--- Data section Enclosed Below ---

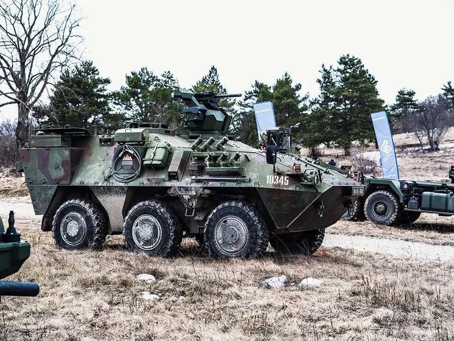 Midweight RCWS armed with the 40×53 mm GMG grenade machine gun. C-UAS ready, gyro-stabilised, and capable of engaging stationary and moving targets on the move.
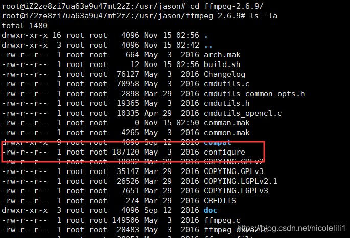 cd ffmpeg-2.6.9/ :进入到文件夹ffmpeg-2.6.9的目录
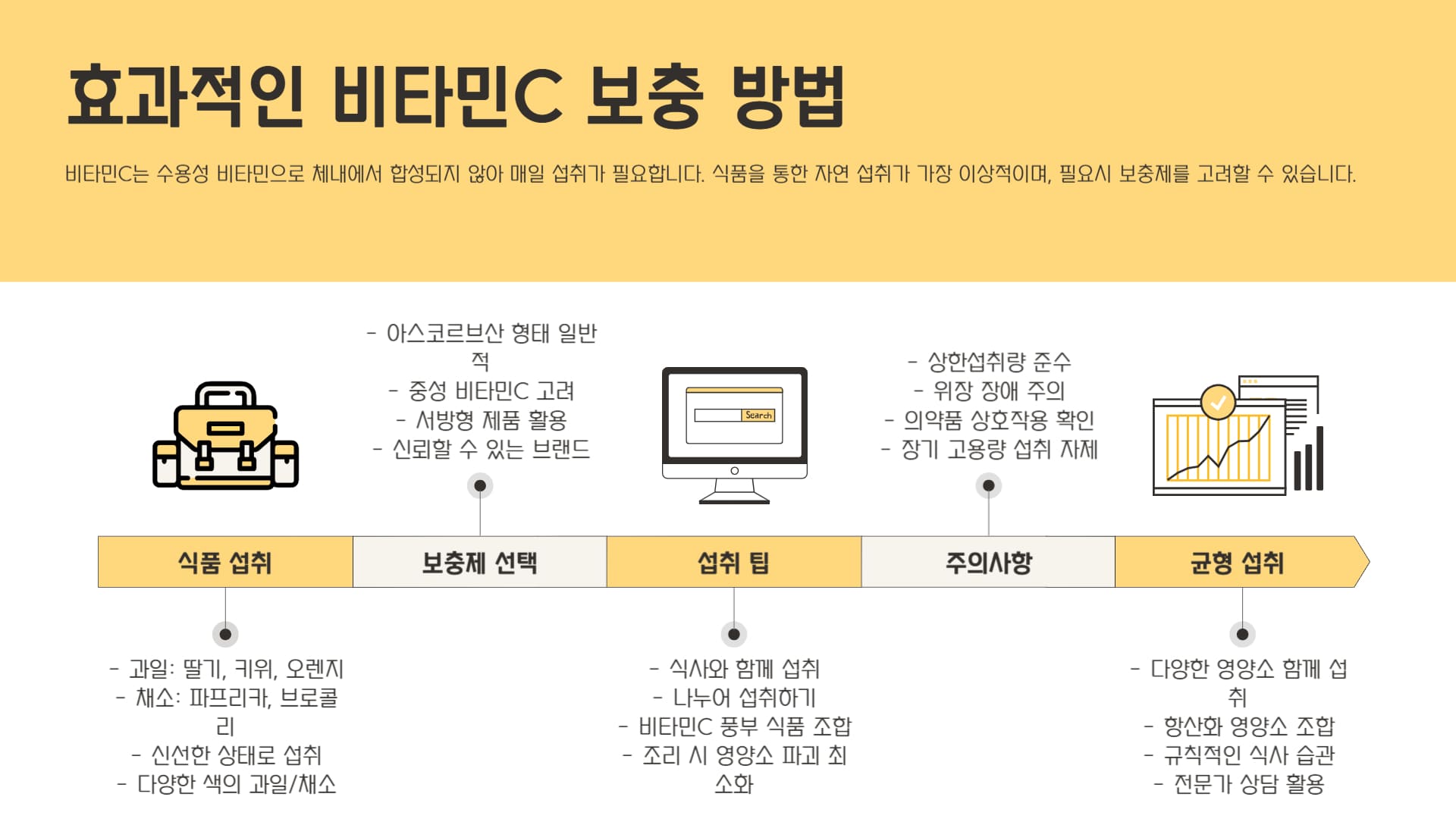 - 보충제(영양제): 평소 식단으로 충분한 비타민C 섭취가 어렵거나, 흡연 등으로 요구량이 증가하는 경우 건강기능식품 형태의 보충제를 고려해 볼 수 있습니다.
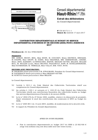 CONTRIBUTION DEPARTEMENTALE AU BUDGET DU SERVICE DEPARTEMENTAL D'INCENDIE ET DE SECOURS (SDIS) POUR L'EXERCICE 2017

--- End of Enclosed Data section ---

__What you have to do__
When you set down the material above, keep every word exact and include no pictures.

__Output__
 Midweight RCWS armed with the 40×53 mm GMG grenade machine gun. C-UAS ready, gyro-stabilised, and capable of engaging stationary and moving targets on the move.
 cd ffmpeg-2.6.9/ :进入到文件夹ffmpeg-2.6.9的目录
 - 보충제(영양제): 평소 식단으로 충분한 비타민C 섭취가 어렵거나, 흡연 등으로 요구량이 증가하는 경우 건강기능식품 형태의 보충제를 고려해 볼 수 있습니다.
 CONTRIBUTION DEPARTEMENTALE AU BUDGET DU SERVICE DEPARTEMENTAL D'INCENDIE ET DE SECOURS (SDIS) POUR L'EXERCICE 2017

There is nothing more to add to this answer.